Sobre descargas ilegales

Hay mucho follón y griterío sobre piratas y delincuentes contra la propiedad intelectual y convendría no pasar por alto alguna que otra enormidad. El derecho de propiedad intelectual es un derecho que hay que definir con sumo cuidado porque, por definición, la propiedad intelectual, a diferencia de cualquier otro tipo de propiedad, tiene dos características fundamentales; en primer lugar no existiría si no se pudiese compartir de alguna manera el bien que supuestamente protege, de forma que el autor está siempre bordeando una especie de descapitalización cuando da a conocer su obra y, a su vez, no puede obtener nada de ella mientras no la haga pública; en segundo lugar, por tanto, la propiedad intelectual es un concepto que protege, sobre todo, la autoría moral del creador, pero que no puede extenderse sin mucho cuidado y sin que medien disposiciones legales precisas a las copias o ejemplares que reflejen el contenido de su obra porque aunque otros posean a su modo su propiedad (lean su libro, escuchen su música), eso no le priva de ella. Se trata pues de una propiedad muy sui generis.

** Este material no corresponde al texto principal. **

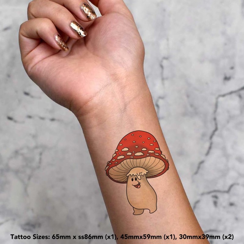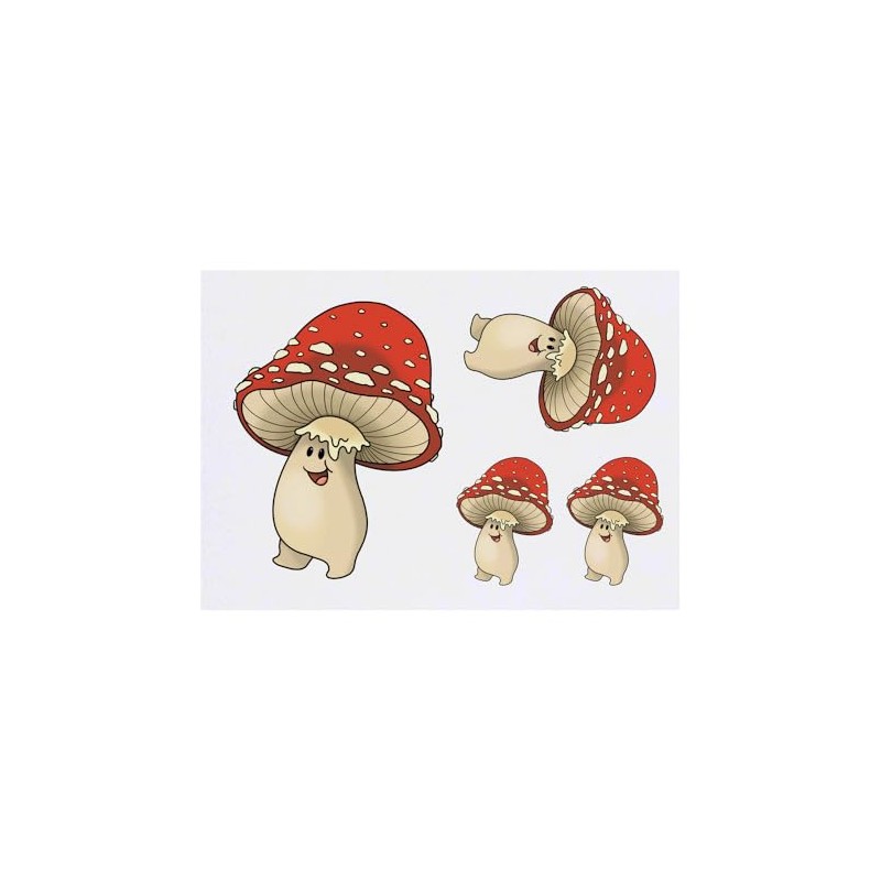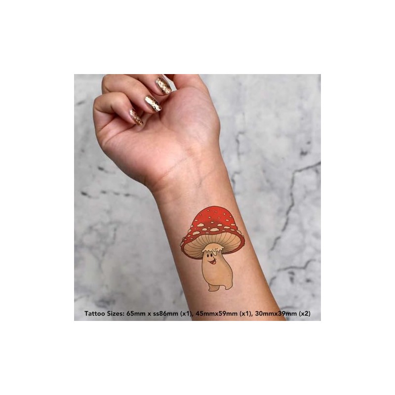 Azeeda 4 x 'Fliegenpilz-Charakter' Temporäre Tattoos - Wasserfest, Hautfreundlich & Ungiftig · Transfers in Verschiedenen Größen (TO00075406)

No hay forma de establecer una norma general que regule precisamente este peculiar derecho y que sea inmediatamente aplicable a todo tipo de creaciones. Por ejemplo, sería absurdo que un pintor pretendiese cobrar una tasa a cada uno de los que ven un cuadro suyo previamente vendido, pero eso es, precisamente, lo que pretenden, y frecuentemente consiguen, los músicos y las entidades que gestionan sus derechos. La cuestión es que los músicos y los cineastas se han organizado muy bien (no así los escritores ni los pintores, por ejemplo) y ahora se encuentran con que los cambios de la era digital les privan de algunos ingresos porque está cambiando completamente el funcionamiento del mercado. Es explicable que pretendan combatir formas supuestas de abuso (las ventas de las llamadas copias pirata de sus CD o DVD, por ejemplo), pero no lo es tanto que pretendan colar esas restricciones de rondón en una ley que nada tiene que ver, ni en su enunciado ni en sus intenciones, con esa clase de derechos.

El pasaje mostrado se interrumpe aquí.